Tomasz Lis słynie z ordynarnych ataków wymierzanych w partię rządzącą, które zamieszcza najczęściej na swoim profilu na Twitterze. Choć już niejednokrotnie zaliczał spektakularne pomyłki, to nie traci rezonu i kontynuuje swą krucjatę przeciwko PiS-owi. Przy okazji zaliczył kolejną kompromitującą wpadkę.
Tym razem okazją do ataku na premier Szydło była publikacja przez pismo „Time” rankingu 46 kobiet, które zmieniają świat. Lis natychmiast postanowił wytknąć, że autorzy zestawienia pominęli szefową polskiego rządu. Time daje sylwetki 46 wybitnych kobiet, a naszą „nową liderkę Europy” pominęli.
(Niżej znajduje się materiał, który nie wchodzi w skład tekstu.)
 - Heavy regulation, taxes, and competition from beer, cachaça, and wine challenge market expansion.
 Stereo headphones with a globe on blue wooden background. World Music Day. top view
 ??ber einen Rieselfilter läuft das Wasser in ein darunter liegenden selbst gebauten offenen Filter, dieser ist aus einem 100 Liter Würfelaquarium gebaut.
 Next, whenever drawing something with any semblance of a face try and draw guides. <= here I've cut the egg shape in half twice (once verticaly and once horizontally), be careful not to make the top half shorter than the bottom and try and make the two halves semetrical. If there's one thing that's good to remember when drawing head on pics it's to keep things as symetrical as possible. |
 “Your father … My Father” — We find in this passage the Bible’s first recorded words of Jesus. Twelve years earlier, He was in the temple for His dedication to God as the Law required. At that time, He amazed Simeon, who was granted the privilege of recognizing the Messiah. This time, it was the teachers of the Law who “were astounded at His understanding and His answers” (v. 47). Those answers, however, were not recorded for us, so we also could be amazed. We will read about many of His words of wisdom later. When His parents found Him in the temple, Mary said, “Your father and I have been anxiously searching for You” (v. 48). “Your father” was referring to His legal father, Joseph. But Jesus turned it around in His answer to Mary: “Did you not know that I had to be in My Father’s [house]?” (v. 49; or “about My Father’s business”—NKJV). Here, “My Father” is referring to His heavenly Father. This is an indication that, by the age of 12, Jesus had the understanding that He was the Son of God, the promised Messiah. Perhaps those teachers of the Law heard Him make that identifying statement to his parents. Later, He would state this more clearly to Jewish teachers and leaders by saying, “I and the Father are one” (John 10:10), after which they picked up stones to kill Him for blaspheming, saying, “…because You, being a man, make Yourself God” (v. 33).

Spokojnie, zrepolonizujemy albo zdekoncentrujemy ten Time – napisał Lis.
Czytaj także: Geostrategia, czas na radykalne zmiany
Być może nie byłoby w tym niczego zaskakującego, gdyby nie pewien szczegół. Otóż w rankingu nie dość, że nie było kobiet zajmujących się polityką, to były tam jedynie panie ze Stanów Zjednoczonych. To jednak Tomasz Lis już pominął, próbując wprowadzić użytkowników Twittera w błąd.
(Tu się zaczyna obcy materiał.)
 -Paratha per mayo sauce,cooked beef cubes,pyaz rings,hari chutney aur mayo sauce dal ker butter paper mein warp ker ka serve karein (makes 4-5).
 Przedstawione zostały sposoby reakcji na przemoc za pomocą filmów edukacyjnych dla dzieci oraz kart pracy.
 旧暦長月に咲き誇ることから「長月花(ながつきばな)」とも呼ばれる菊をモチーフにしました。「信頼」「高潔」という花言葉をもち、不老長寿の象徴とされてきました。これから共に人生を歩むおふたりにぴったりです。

Oczywiście kłamstwo natychmiast się wydało, a internauci nie szczędzili sobie drwin z Lisa wskazując, że w prestiżowym zestawieniu nie ma nawet kanclerz Niemiec, Angeli Merkel ani – popularnej w lewicowych mediach – Brigitte Macron, żony prezydenta Francji.
Ubolewam ze w poprzednich latach nie wymieniali w tym rankingu naszej wspanialej Ewy Kopacz.
— Realista (@Realist62831546) 8 września 2017
Angele Merkel też pomineli. Panią Macron’ ową również.